-------- SUPPLIED MATERIAL

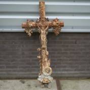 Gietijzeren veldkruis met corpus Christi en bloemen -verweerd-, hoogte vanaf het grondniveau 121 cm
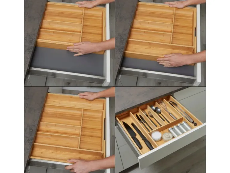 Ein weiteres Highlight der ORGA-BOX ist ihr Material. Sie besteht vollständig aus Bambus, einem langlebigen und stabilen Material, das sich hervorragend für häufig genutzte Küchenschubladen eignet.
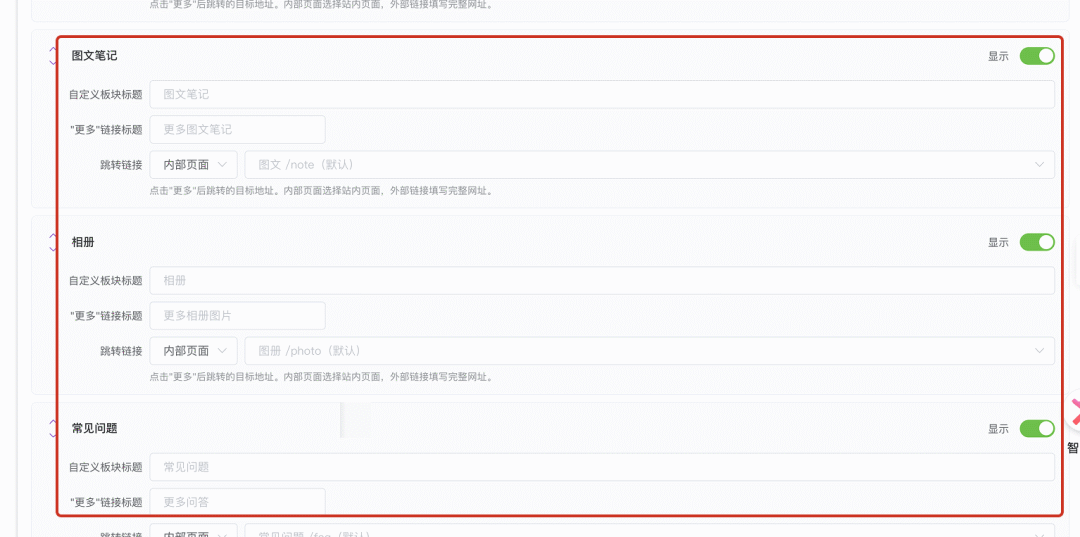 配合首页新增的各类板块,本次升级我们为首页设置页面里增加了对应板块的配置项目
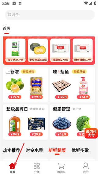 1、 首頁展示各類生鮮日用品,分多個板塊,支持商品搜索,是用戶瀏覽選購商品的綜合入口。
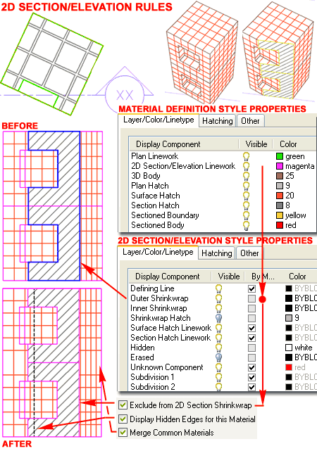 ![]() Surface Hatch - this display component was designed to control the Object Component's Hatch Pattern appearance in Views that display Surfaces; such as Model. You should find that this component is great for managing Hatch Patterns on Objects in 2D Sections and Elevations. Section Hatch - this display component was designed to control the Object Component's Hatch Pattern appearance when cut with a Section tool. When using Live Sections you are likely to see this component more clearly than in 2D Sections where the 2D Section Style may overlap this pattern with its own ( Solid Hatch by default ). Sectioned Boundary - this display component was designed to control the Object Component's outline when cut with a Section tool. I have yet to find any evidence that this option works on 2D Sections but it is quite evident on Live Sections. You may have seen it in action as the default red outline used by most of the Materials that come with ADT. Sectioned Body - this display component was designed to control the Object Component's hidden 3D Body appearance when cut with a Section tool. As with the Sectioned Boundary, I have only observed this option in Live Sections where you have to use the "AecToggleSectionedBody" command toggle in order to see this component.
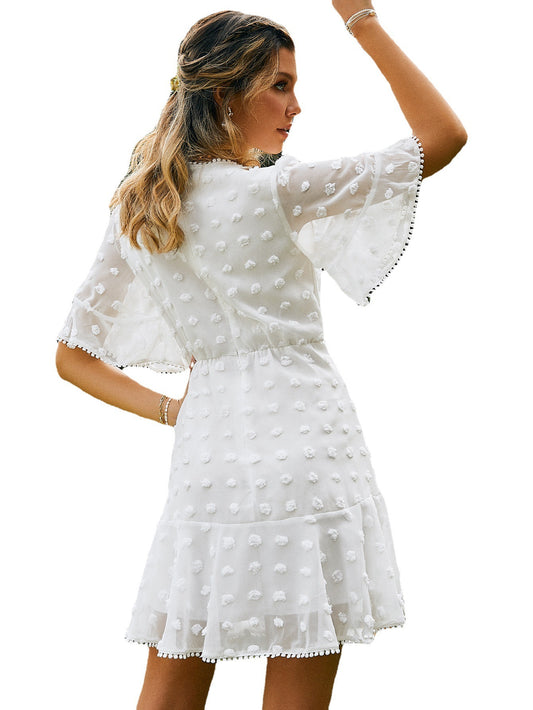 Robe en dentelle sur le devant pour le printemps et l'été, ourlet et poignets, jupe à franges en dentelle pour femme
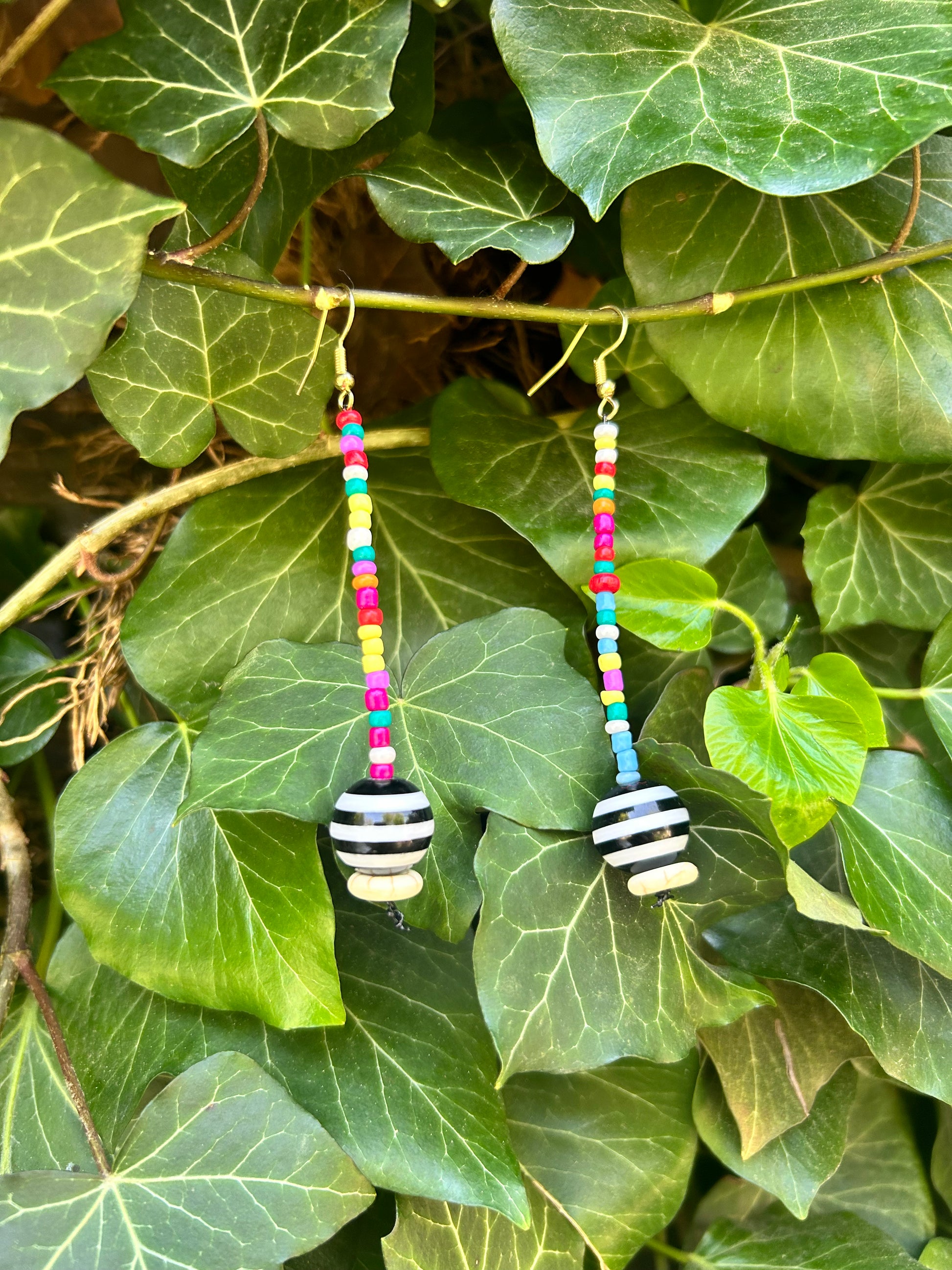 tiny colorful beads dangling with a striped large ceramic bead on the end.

----------------

- _DESCRIPTION OF THE TASK_: Would you return the records exactly as written, minus any image?

- _TASK RESULT_:
 Gietijzeren veldkruis met corpus Christi en bloemen -verweerd-, hoogte vanaf het grondniveau 121 cm
 Ein weiteres Highlight der ORGA-BOX ist ihr Material. Sie besteht vollständig aus Bambus, einem langlebigen und stabilen Material, das sich hervorragend für häufig genutzte Küchenschubladen eignet.
 配合首页新增的各类板块,本次升级我们为首页设置页面里增加了对应板块的配置项目
 1、 首頁展示各類生鮮日用品,分多個板塊,支持商品搜索,是用戶瀏覽選購商品的綜合入口。
 ![]() Surface Hatch - this display component was designed to control the Object Component's Hatch Pattern appearance in Views that display Surfaces; such as Model. You should find that this component is great for managing Hatch Patterns on Objects in 2D Sections and Elevations. Section Hatch - this display component was designed to control the Object Component's Hatch Pattern appearance when cut with a Section tool. When using Live Sections you are likely to see this component more clearly than in 2D Sections where the 2D Section Style may overlap this pattern with its own ( Solid Hatch by default ). Sectioned Boundary - this display component was designed to control the Object Component's outline when cut with a Section tool. I have yet to find any evidence that this option works on 2D Sections but it is quite evident on Live Sections. You may have seen it in action as the default red outline used by most of the Materials that come with ADT. Sectioned Body - this display component was designed to control the Object Component's hidden 3D Body appearance when cut with a Section tool. As with the Sectioned Boundary, I have only observed this option in Live Sections where you have to use the "AecToggleSectionedBody" command toggle in order to see this component.
 Robe en dentelle sur le devant pour le printemps et l'été, ourlet et poignets, jupe à franges en dentelle pour femme
 tiny colorful beads dangling with a striped large ceramic bead on the end.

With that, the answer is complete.